Why on earth would we want to kill them?
Watch them

They are fascinating creatures 

Aldra


----------



## Drew (May 30, 2005)

Hi Aldra, 

I can't find anything in my post that refers to killing them.

I have sat and watched the little critters for hours, they are wonderful little creatures.

Drew


----------



## greygit (Apr 15, 2007)

aldra said:


> Just leave them alive
> 
> To get on with their lives
> 
> ...


 *I agree, as long as they don't start invading the interior of the house, if they do, then its war. :rightfighter6:*


----------



## Geriatricbackpacker (Aug 21, 2012)

Not so much fun when they get into your van though. A couple of years ago we had to leave the van parked up on a piece of waste ground as we were visiting a villa. Didn't notice that the little blighters had invaded the van and were everywhere. Took ages to get rid of them (sorry Sandra ). 
This year it seemed like Spain had been overrun with them and virtually everywhere we parked there were nests of them all marching around, mind you I think I might have become a bit paranoid!

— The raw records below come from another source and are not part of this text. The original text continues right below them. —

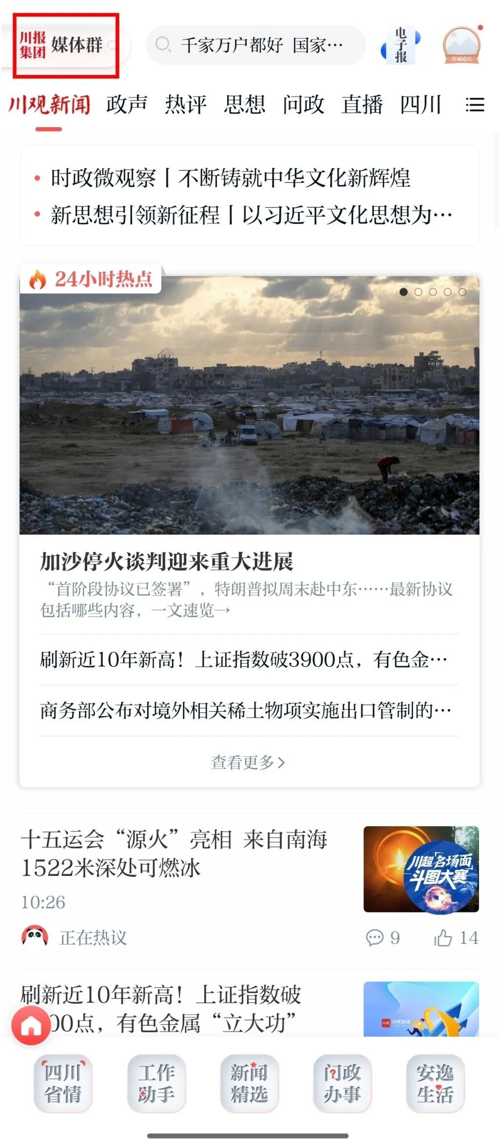 2、打开“川观新闻”App,点击左上角“川报集团媒体群”进行媒体切换。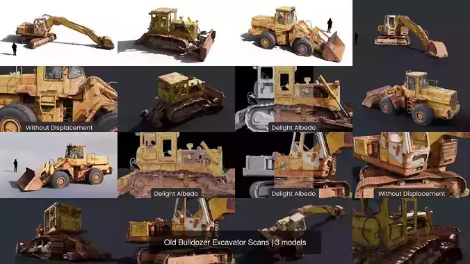 Collection of 3 detailed old construction machines. Bulldozer, excavator and wheel loader. Captured in neutral lighting conditions in Iceland, ensuring accurate surface detail and realistic color tones.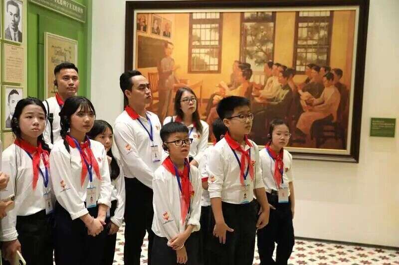 △4月12日,越南青年来华“红色研学之旅”之“不忘初心”研学营团员一行来到广州,先后参观越南青年革命同志会旧址、走访团一大纪念馆、瞻仰范鸿泰墓等代表中越深厚友谊的红色史迹。在现场讲解中,大家重温历史,追忆那段见证中越“同志加兄弟”深厚情谊、激情燃烧的红色岁月。(中青报·中青网记者 陈剑/摄)

Agree that they are fascinating to watch, there are a load that clean up our veranda where we stay in India. Industrious and organised, they drag the dead bugs away by cutting them into manageable portions and cart the bits up the wall to the apartment next to us. Watching them dispose of a cockroach takes forever but nothing gets left. I keep warning Mrs GB not to fall asleep when sunbathing or she'll end up being a goner!


----------



## tugboat (Sep 14, 2013)

Just leave an old pair of pants outside, they'll automatically put the dead'uns in there. Everything is your pants is dead anyway............allegedly!


----------